= Wine competition =

Organized wine event

A wine competition is an organized event in which trained judges or consumers competitively rate different vintages, categories, and/or brands of wine. Wine competitions generally use blind tasting of wine to prevent bias by the judges.

==Types of wine competitions==
The common goal of all wine competitions is to obtain valid comparisons of wines by trained experts. Wine competitions can vary widely in their characteristics, and are sometimes geared toward a specific audience (i.e., consumers vs. industry professionals). One of the ways wine competitions can vary is how the wines are ranked. In most competitions, medals are given to individual wines in various categories on the basis of the blind tasting.

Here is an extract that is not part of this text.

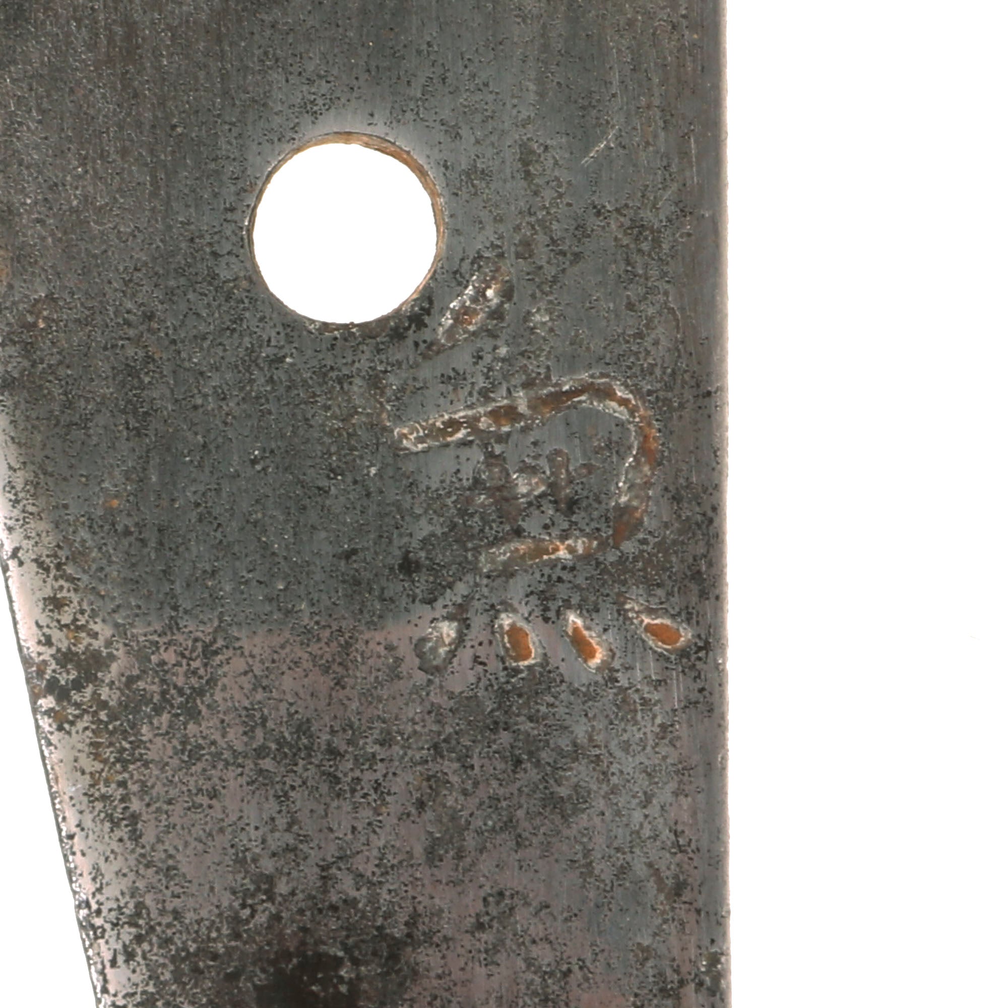 - Folded steel blade (fold lines are evident on the spine and body of the blade)
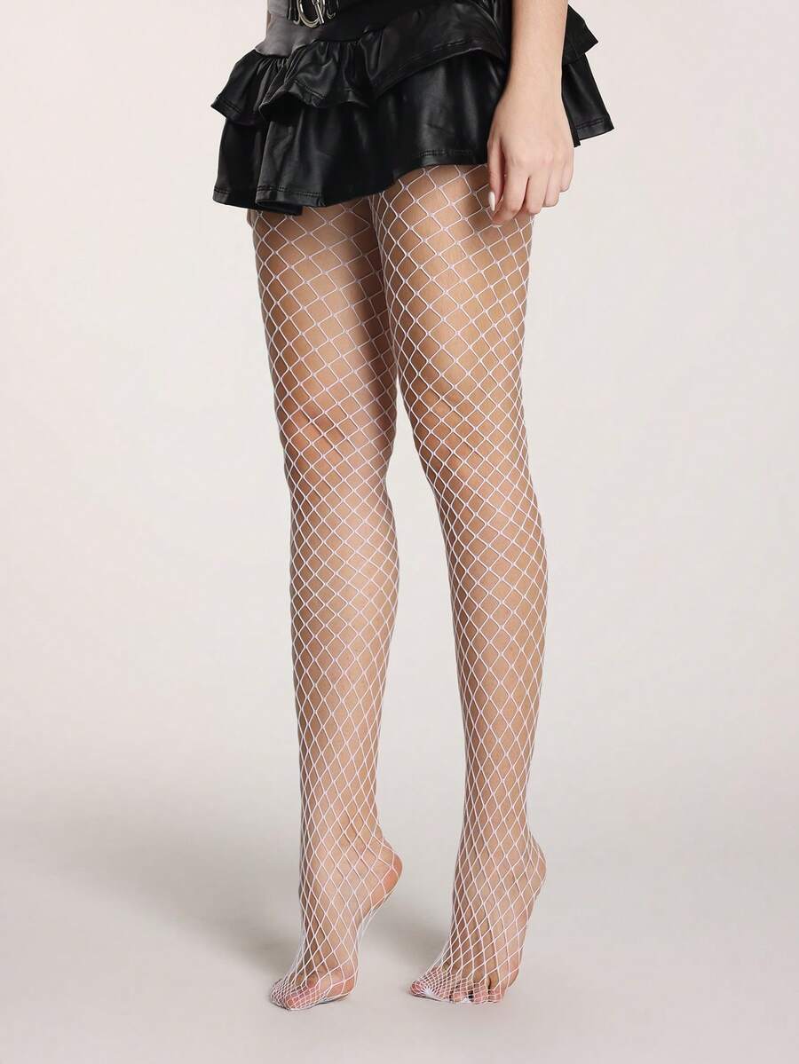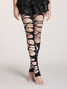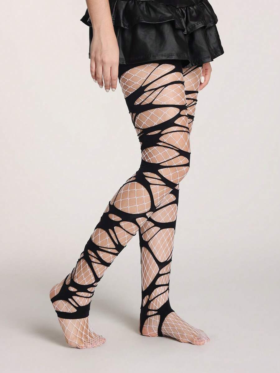 Grunge Punk 1 par de medias de red minimalistas + 1 par de medias negras rotas, conjunto de combinación de medias estilo Y2K, medias elásticas translúcidas y sexys de uso diario versátil

The awards are frequently bronze, silver, gold, and double gold medals. In other competitions, ribbons of various colors are sometimes used. In these competitions, it is common for more than one wine to receive any given medal. These competitions often also include a "Best in Class" award, producing a clear category winner among those vintages awarded any particular medal, as seen in the Los Angeles International Wine & Spirits Competition, the New York International Wine Competition, and The Decanter World Wine Awards. In still other competitions, instead of giving numerous awards, the wines in each wine category are ranked by number from high to low, a process known as ordinal ranking. In these competitions, there is only one first-place winner, one second place, one third place, and so on down to the lowest place. Medal rankings are different from the 100 point scales that are used by many journalistic publications, such as Wine Spectator. These "scores" are obtained when wine journalists blind taste the wines and score them on an individual basis, as opposed to when the wines are being tasted side by side and competing against one another in a competition setting.

There are critics who argue that the results of such competitions may be misleading and should not be relied upon as a measure of quality. Other commentators argue that, because of wine competitions, wine quality has improved in many countries around the world.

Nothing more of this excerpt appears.